The most common way of handling Maybes is by case expressions:

getHighscoreText : Maybe Int -> String
getHighscoreText maybeScore =
    case maybeScore of
        Just score ->
            "Current highscore: " ++ String.fromInt score

        Nothing ->
            "No highscore yet."

Here the getHighScoreText function takes a highscore wrapped in a Maybe, and should return a meaningful message. We unwrap the highscore value with a case expression, and we are forced to explicitly say what happens if the value is there, and what happens if it is not. The program simply won't compile if you haven't handled both cases. This makes the program more robust since we cannot accidentally have a missing value.
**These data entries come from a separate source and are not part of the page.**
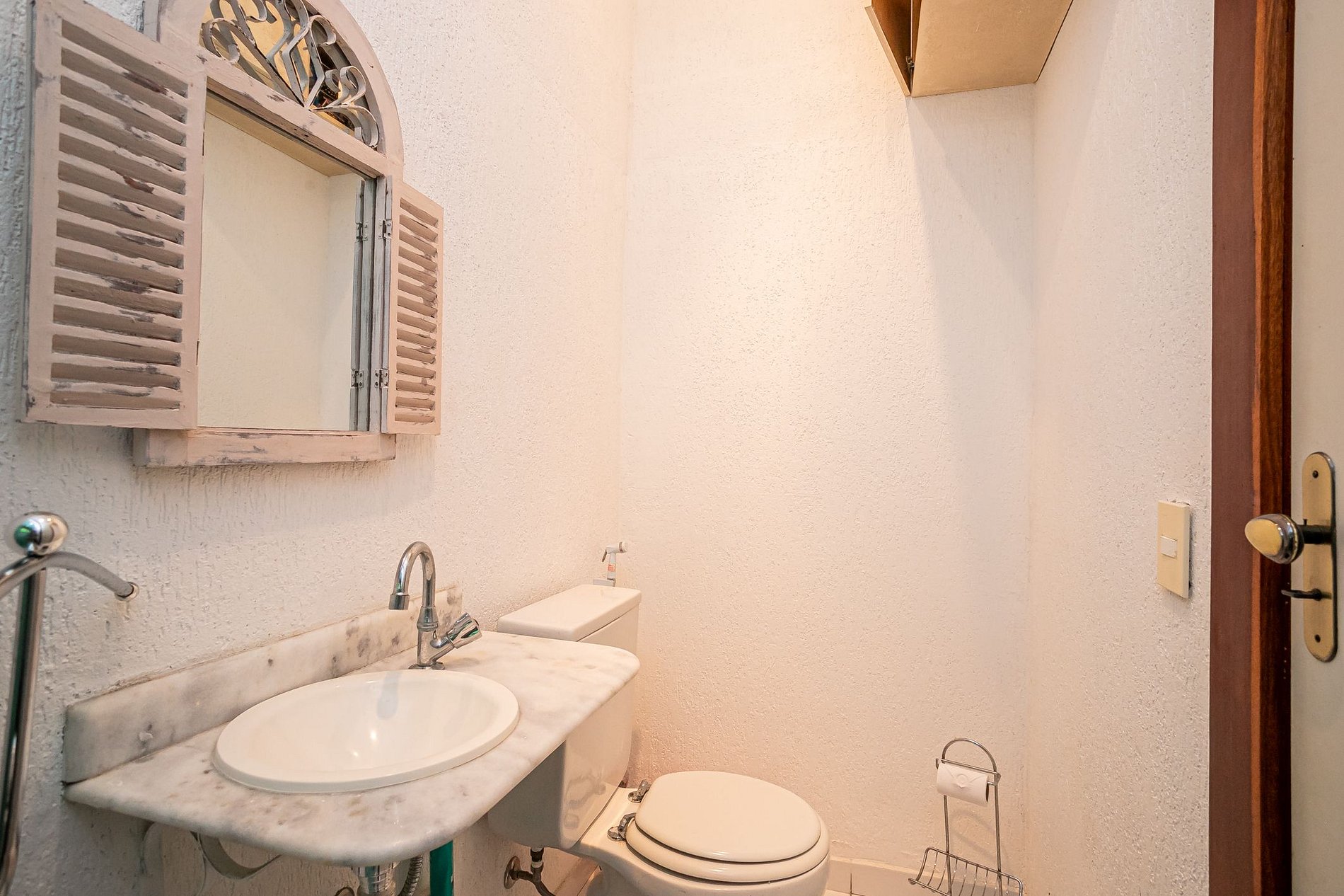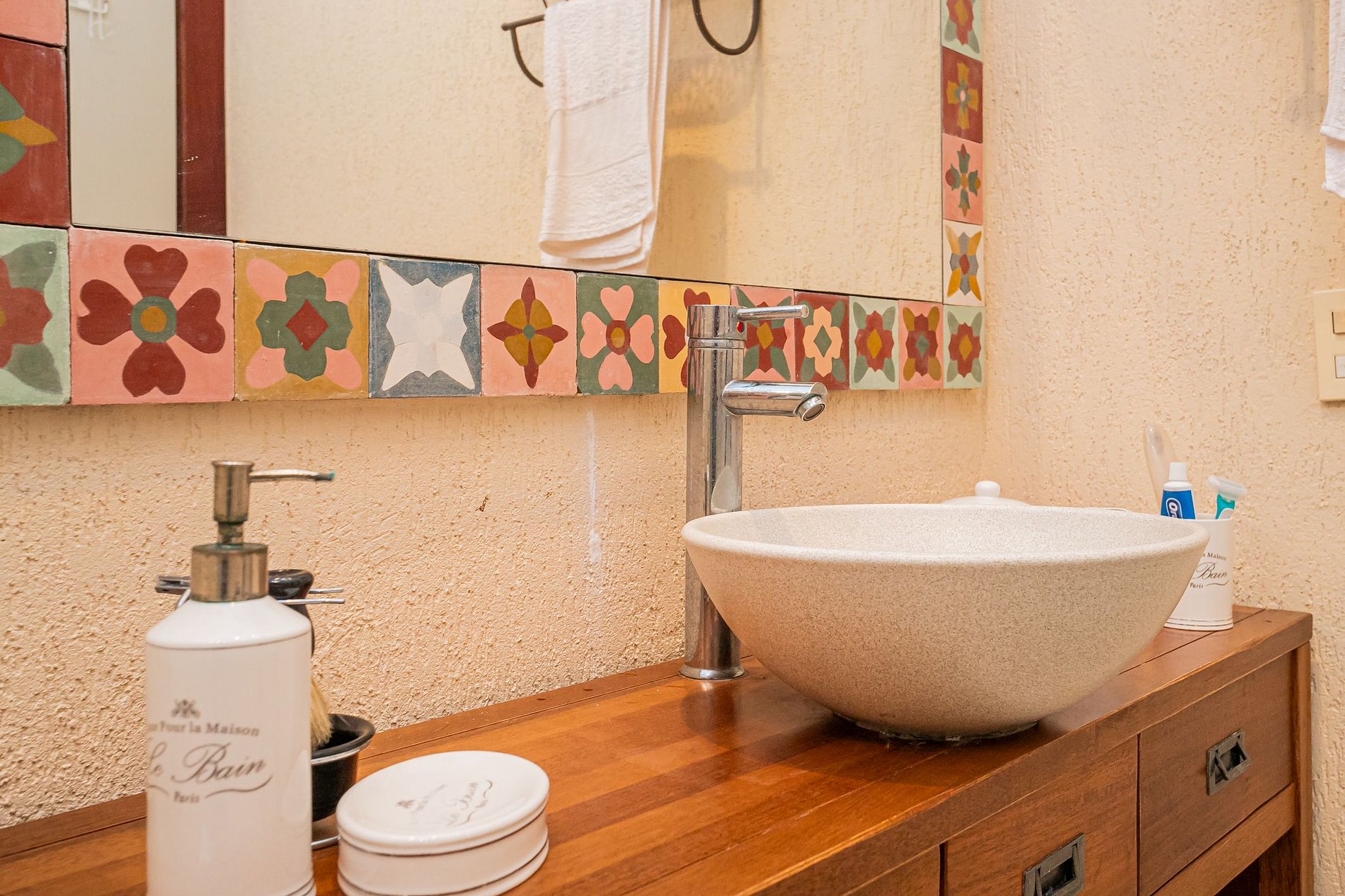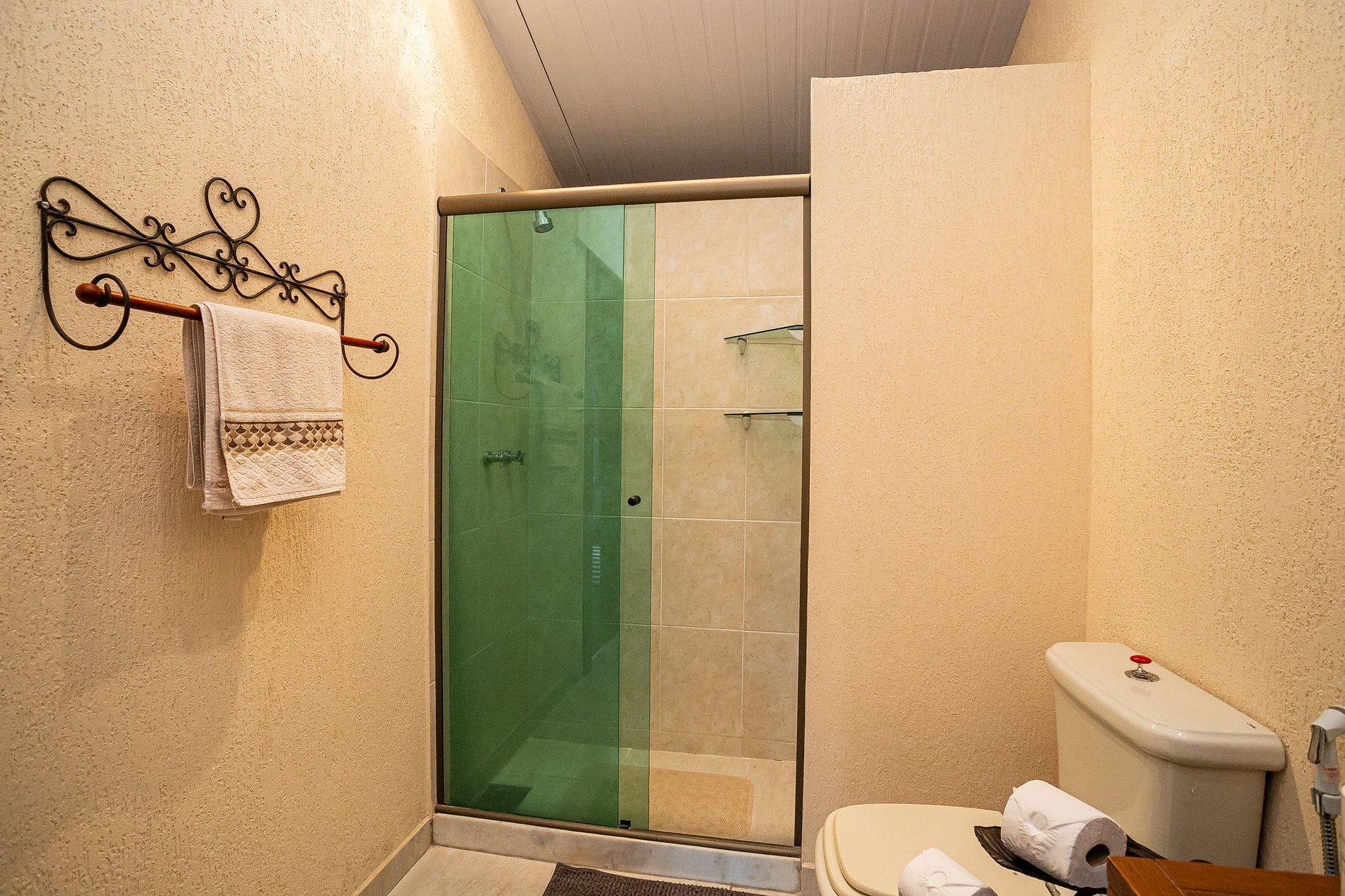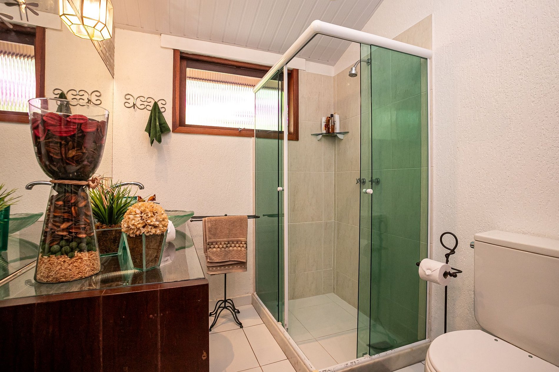 São 3 banheiros completos, todos bem iluminados e com ventilação natural. O banheiro principal tem pia de vidro, detalhes em madeira e um toque afetivo que reforça a sensação de cuidado. Todos são super bem equipados!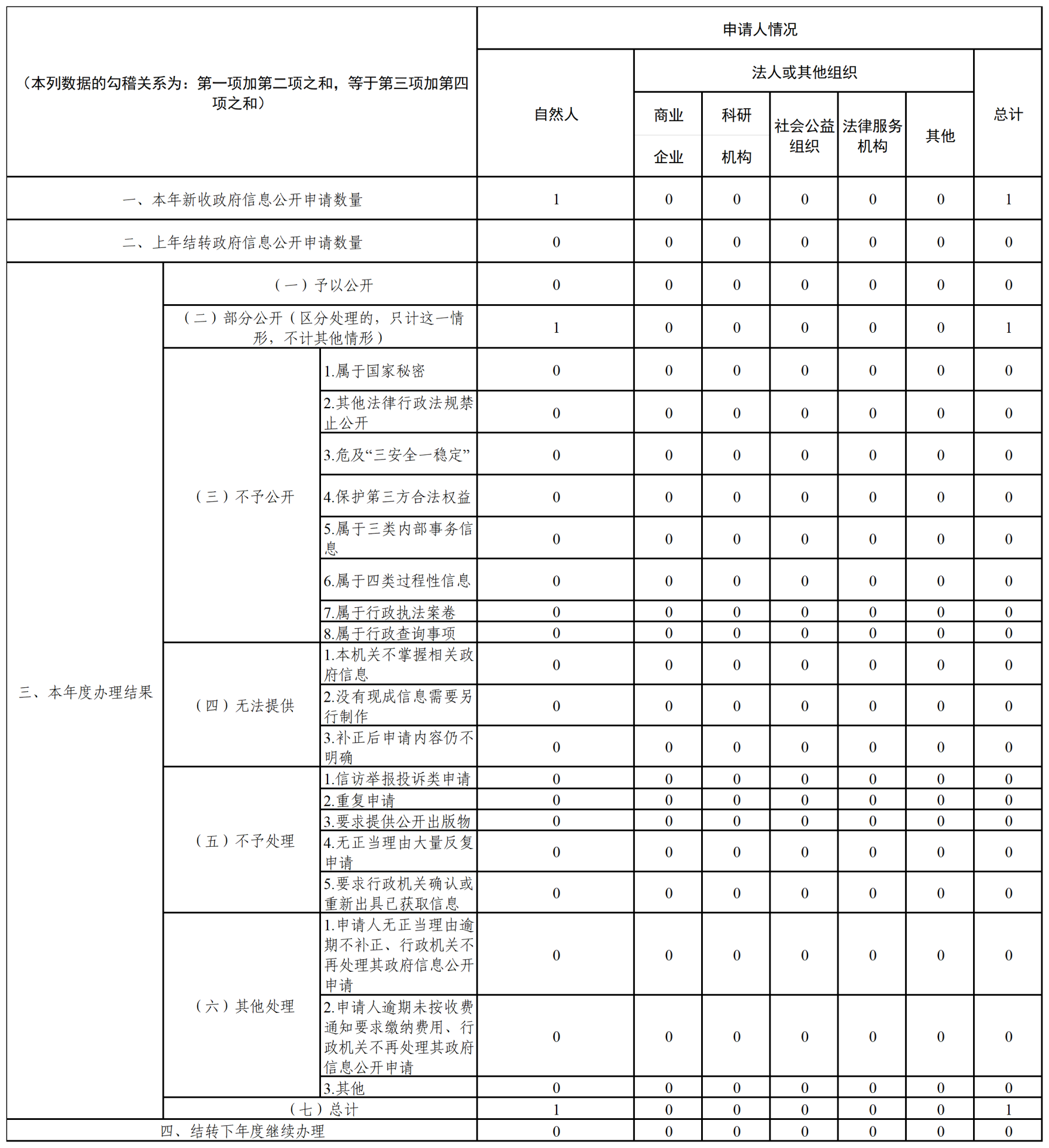 (二)依申请公开方面。健全“收件标准化、办理协同化、答复精准化”工作体系,完善从登记、分办、会商到答复、归档的全流程管理机制,加强与申请人的沟通对接,精准把握需求、规范高效办理,切实保障申请人合法权益。全年收到政府信息公开申请件1件,办结1件(部分公开)。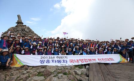 <사진>쌍용차 임직원 및 대리점 대표 등 250여명이 지리산 노고단에서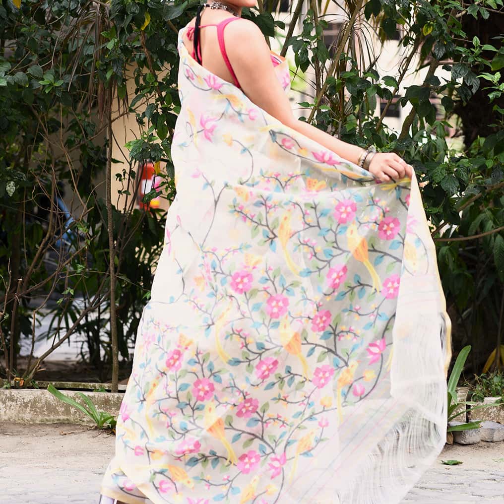 Behold the exquisite Muslin Jamdani Saree, a true masterpiece akin to a work of art. Delicately adorned with vibrant floral weavings spanning its entirety, this saree boasts intricate patterns of village motifs and renowned jamdani designs, such as butidar, Kalka, and fulwar. Crafted over an arduous period of 3-4 months by acclaimed weavers from the rural landscapes of India, each saree is a testament to their unparalleled skill and dedication.

Other ways of dealing with Maybes

Case expressions isn't the only way of dealing with a Maybe. The Maybe module includes some convenient functions. Two of the most useful ones are Maybe.withDefault and Maybe.map. Here is what they look like and how to use them:

Maybe.withDefault : a -> Maybe a -> a

Maybe.withDefault 0 (Just 4)        -- 4
Maybe.withDefault 0 Nothing         -- 0

Maybe.map : (a -> b) -> Maybe a -> Maybe b

Maybe.map (String.fromInt) (Just 4) -- Just "4"
Maybe.map (String.fromInt) Nothing  -- Nothing

Maybe.withDefault is used for unwrapping a Maybe just like case expressions. It returns the value inside the Just or returns the given default value if the value was Nothing.

Maybe.map is used when you want to change the value inside the Maybe (if present), and wrap it inside a Maybe again. The function given as an argument is applied to the value if it is there, and if the value is Nothing then nothing (😆) happens and Nothing is returned.

Library functions returning Maybes

When using Elm you will meet Maybes all the time. Library functions that may fail will always return a Maybe (or a similar construct such as Result). For example the list function List.head, which should return the first element of the list, will return the element in a Maybe since the list may be empty.

Summary

When deciding types for the values in your program try to think if some of them would fit better as Maybes. If for example a variable doesn't have a meaningful initial value, then it might be worth considering a Maybe.

All in all, play around with Ellie and try to get comfortable with Maybes!